[Input material]

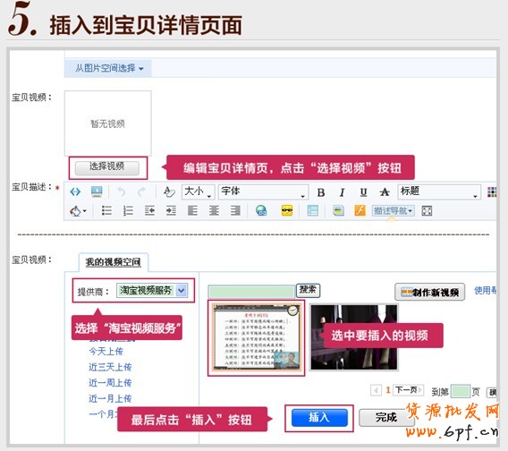 (4)上傳成功后,在1個工作日轉碼、審核后,您的視頻就可以插入寶貝頁面使用了。
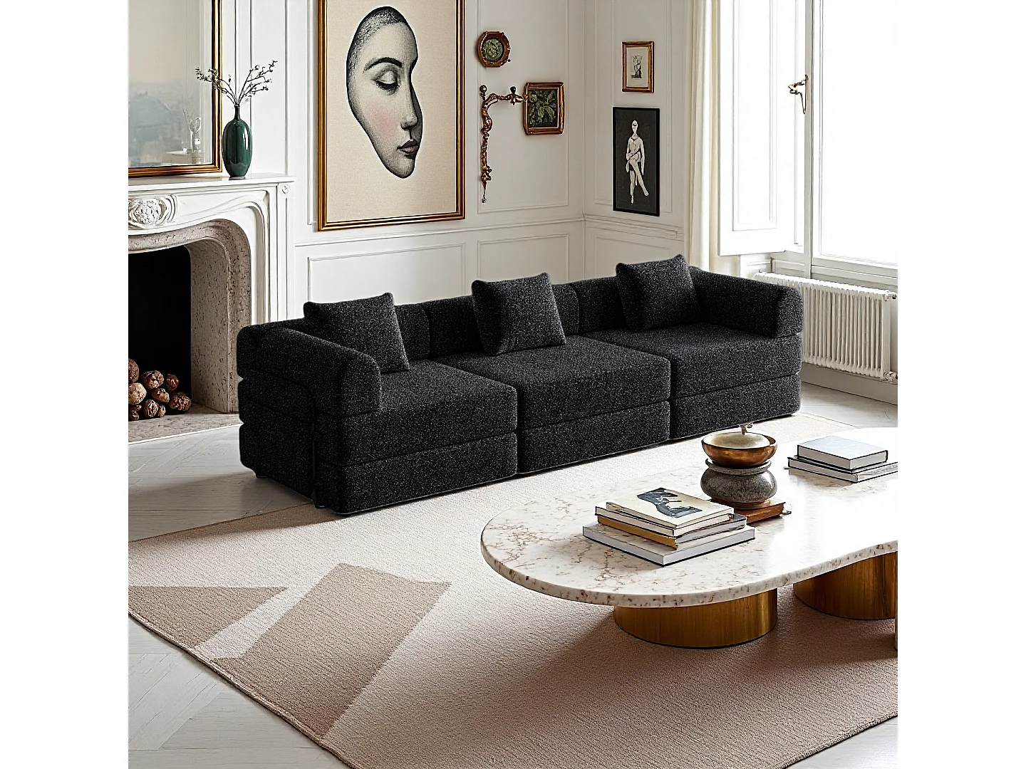 Canapé 3 places, Canapé convertible avec accoudoirs et poches latérales, structure en métal - Chenille noire
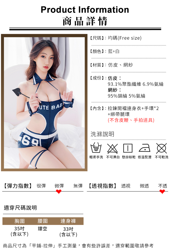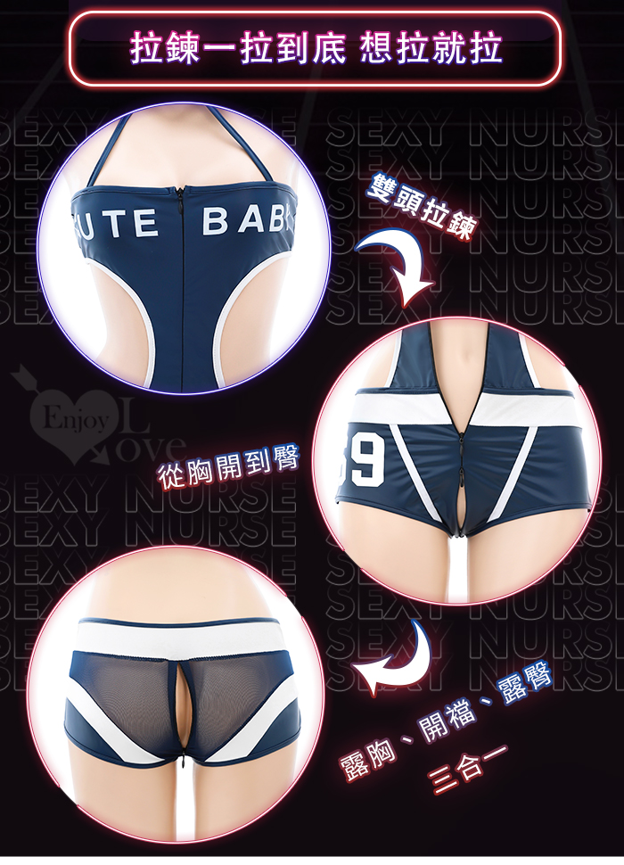 ►您現在的位置:首頁>【賽車女郎】雙頭拉鍊設計裸腰透紗露臀可開襠連身衣三件組
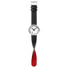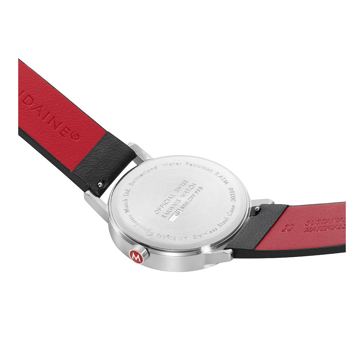 Su forma sencilla, su caja de acero mate de 40mm de diámetro, el cristal de mineral endurecido y la correa de piel vegana negra con interior rojo hacen de este reloj un verdadero icono del tiempo.
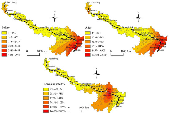 According to Figure 2, Figure 3, Figure 4 and Figure 5, before and after the opening of the China-Mongolia-Russia HSR, the accessibility improvement pattern characterized by the weighted average travel time decreasing rate and economic potential increasing rate show the imbalance differentiation characteristics of “high middle, low beginning, and low end” along the China-Mongolia-Russia economic corridor. The accessibility improvement of the cities, which are located in the middle of the lines is stronger than those cities at the beginning and end of the lines. The accessibility improvement superior areas are concentrated in the series areas of Ulan Ude-Irkutsk-Krasnoyarsk-Novosibirsk-Omsk, with their weighted average travel time decreasing rate more than the average of whole China-Mongolia-Russia economic corridor. Besides, the accessibility improvement superior areas are also distributed in the Erenhot-Zamyn Uud (border ports of China and Mongolia) and Manzhouli-Zabaykalsk (border ports of China and Russia), with their economic potential increasing rate more than 1000%.

[/Input material]

▶ What needs to be done:
Everything in the records above must be restated verbatim, save for the pictures.

▶ Task solution:
 (4)上傳成功后,在1個工作日轉碼、審核后,您的視頻就可以插入寶貝頁面使用了。
 Canapé 3 places, Canapé convertible avec accoudoirs et poches latérales, structure en métal - Chenille noire
 ►您現在的位置:首頁>【賽車女郎】雙頭拉鍊設計裸腰透紗露臀可開襠連身衣三件組
 Su forma sencilla, su caja de acero mate de 40mm de diámetro, el cristal de mineral endurecido y la correa de piel vegana negra con interior rojo hacen de este reloj un verdadero icono del tiempo.
 According to Figure 2, Figure 3, Figure 4 and Figure 5, before and after the opening of the China-Mongolia-Russia HSR, the accessibility improvement pattern characterized by the weighted average travel time decreasing rate and economic potential increasing rate show the imbalance differentiation characteristics of “high middle, low beginning, and low end” along the China-Mongolia-Russia economic corridor. The accessibility improvement of the cities, which are located in the middle of the lines is stronger than those cities at the beginning and end of the lines. The accessibility improvement superior areas are concentrated in the series areas of Ulan Ude-Irkutsk-Krasnoyarsk-Novosibirsk-Omsk, with their weighted average travel time decreasing rate more than the average of whole China-Mongolia-Russia economic corridor. Besides, the accessibility improvement superior areas are also distributed in the Erenhot-Zamyn Uud (border ports of China and Mongolia) and Manzhouli-Zabaykalsk (border ports of China and Russia), with their economic potential increasing rate more than 1000%.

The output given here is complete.